-- DATA EXTRACT follows --
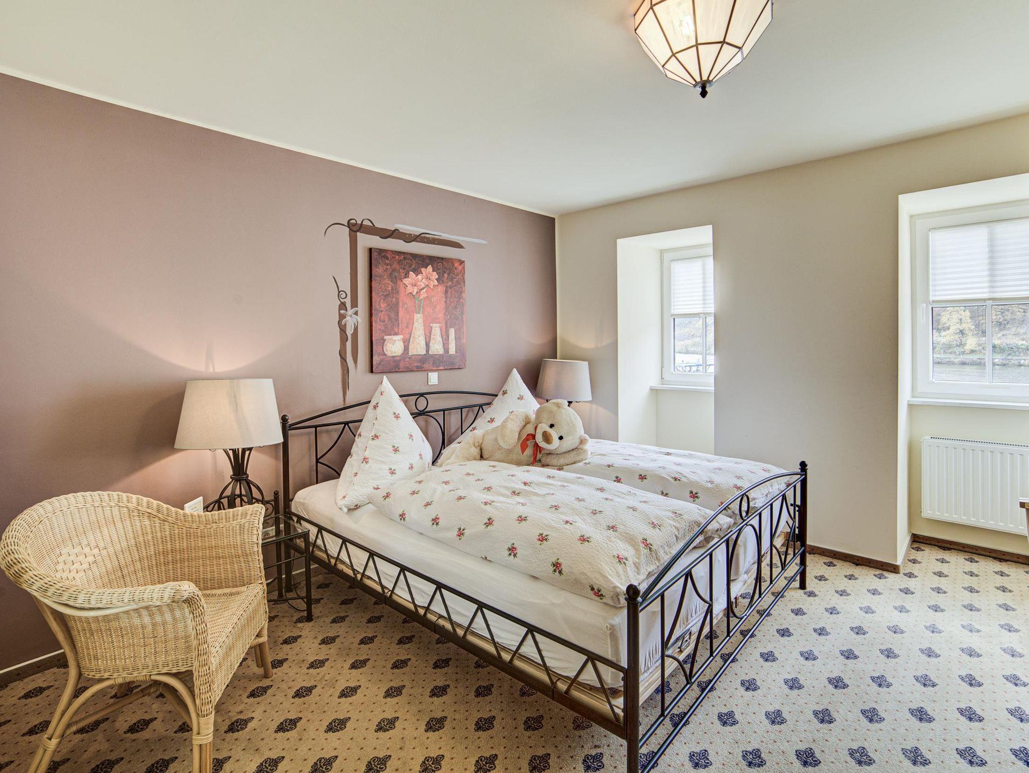 Unser Apartment Nr. 6 liegt im 2. OG und ist die Perle unserer Apartments. Dieses Superior - Apartment bietet Ihnen einen riesigen Wohnbereich, Eingangsbereich und ein separates Schlafzimmer mit Komfortbetten. Eine Kaffee- & Teeküche, Minibar und Balkon mit Sitzbereich sind einige der Zahlreichen Annehmlichkeiten die das Zimmer zu bieten hat. Vom Balkon aus genießen Sie einen herrlichen Blick auf die Mosel und die teils eigenen Weinberge am Haus. Freies WLAN und kostenlose Parkplätze stehen Ihnen am Hotel kostenfrei Verfügung. Unser Täglicher Zimmerservice sorgt für gemachte Betten und steigert Ihren Wohlfühlfaktor. Durch unser Angeschlossenes Restaurant sind Sie natürlich auch bestens versorgt. Hier laden wir Sie ein, die kulinarischen Köstlichkeiten unserer Region mit spitzen Weinen zu genießen.
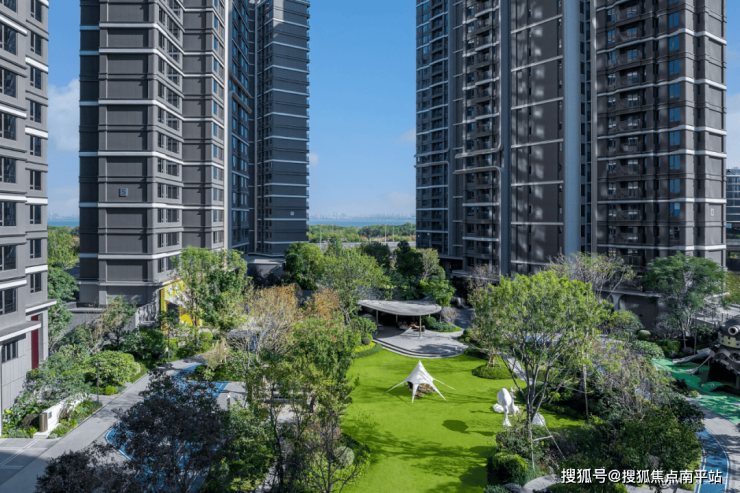 它的楼栋呈围合式布局,可以形成巨大的中庭园林,规模达到2.7万㎡。
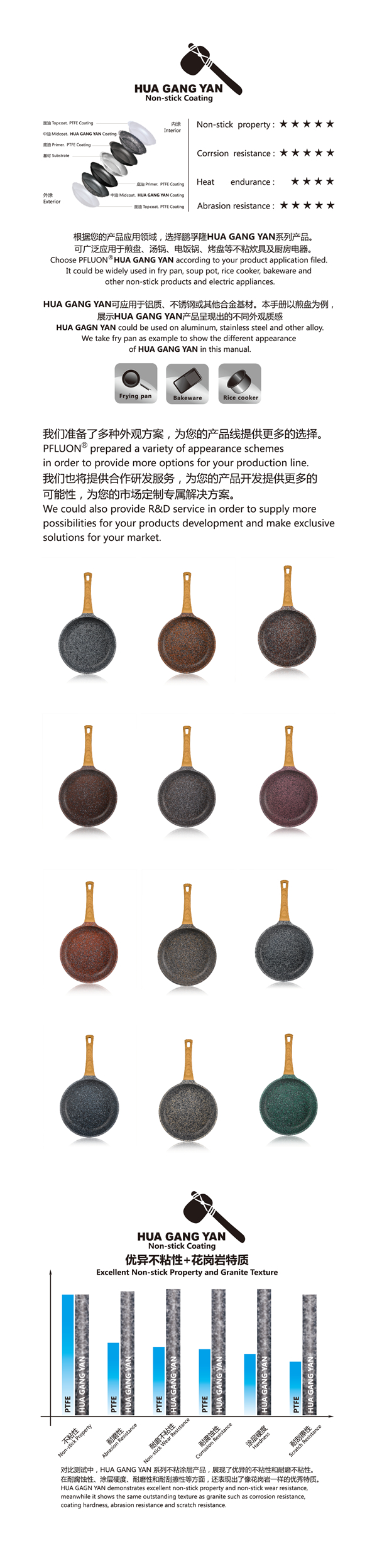 Zhejiang PFLUON New Materials Co., Ltd was established in 1989,engaged in R&D and production of non-stick coatings and provides non-stick coating products and services. As one of the globally leading suppliers of non-stick coatings, the company has the globally largest automatic production base of non-stick coatings. It has an industrially first-class R&D team, with several industrial experts who have worked in the industry for over 20 years. It is a nationally accredited high-tech enterprise.We stick to the R&D,promotion of new products, process and technologies while promoting the quality competitiveness of traditional products.As the innovative products have been produced continuously, we have grown into the most innovative enterprise in non-stick coating area worldwide,our non-stick coatings have been successfully applied to cookware markets worldwide.
-- DATA EXTRACT concluded --
PROBLEM TO SOLVE: Give back the whole of the material exactly, with the pictures removed.

ANSWER BOX:
 Unser Apartment Nr. 6 liegt im 2. OG und ist die Perle unserer Apartments. Dieses Superior - Apartment bietet Ihnen einen riesigen Wohnbereich, Eingangsbereich und ein separates Schlafzimmer mit Komfortbetten. Eine Kaffee- & Teeküche, Minibar und Balkon mit Sitzbereich sind einige der Zahlreichen Annehmlichkeiten die das Zimmer zu bieten hat. Vom Balkon aus genießen Sie einen herrlichen Blick auf die Mosel und die teils eigenen Weinberge am Haus. Freies WLAN und kostenlose Parkplätze stehen Ihnen am Hotel kostenfrei Verfügung. Unser Täglicher Zimmerservice sorgt für gemachte Betten und steigert Ihren Wohlfühlfaktor. Durch unser Angeschlossenes Restaurant sind Sie natürlich auch bestens versorgt. Hier laden wir Sie ein, die kulinarischen Köstlichkeiten unserer Region mit spitzen Weinen zu genießen.
 它的楼栋呈围合式布局,可以形成巨大的中庭园林,规模达到2.7万㎡。
 Zhejiang PFLUON New Materials Co., Ltd was established in 1989,engaged in R&D and production of non-stick coatings and provides non-stick coating products and services. As one of the globally leading suppliers of non-stick coatings, the company has the globally largest automatic production base of non-stick coatings. It has an industrially first-class R&D team, with several industrial experts who have worked in the industry for over 20 years. It is a nationally accredited high-tech enterprise.We stick to the R&D,promotion of new products, process and technologies while promoting the quality competitiveness of traditional products.As the innovative products have been produced continuously, we have grown into the most innovative enterprise in non-stick coating area worldwide,our non-stick coatings have been successfully applied to cookware markets worldwide.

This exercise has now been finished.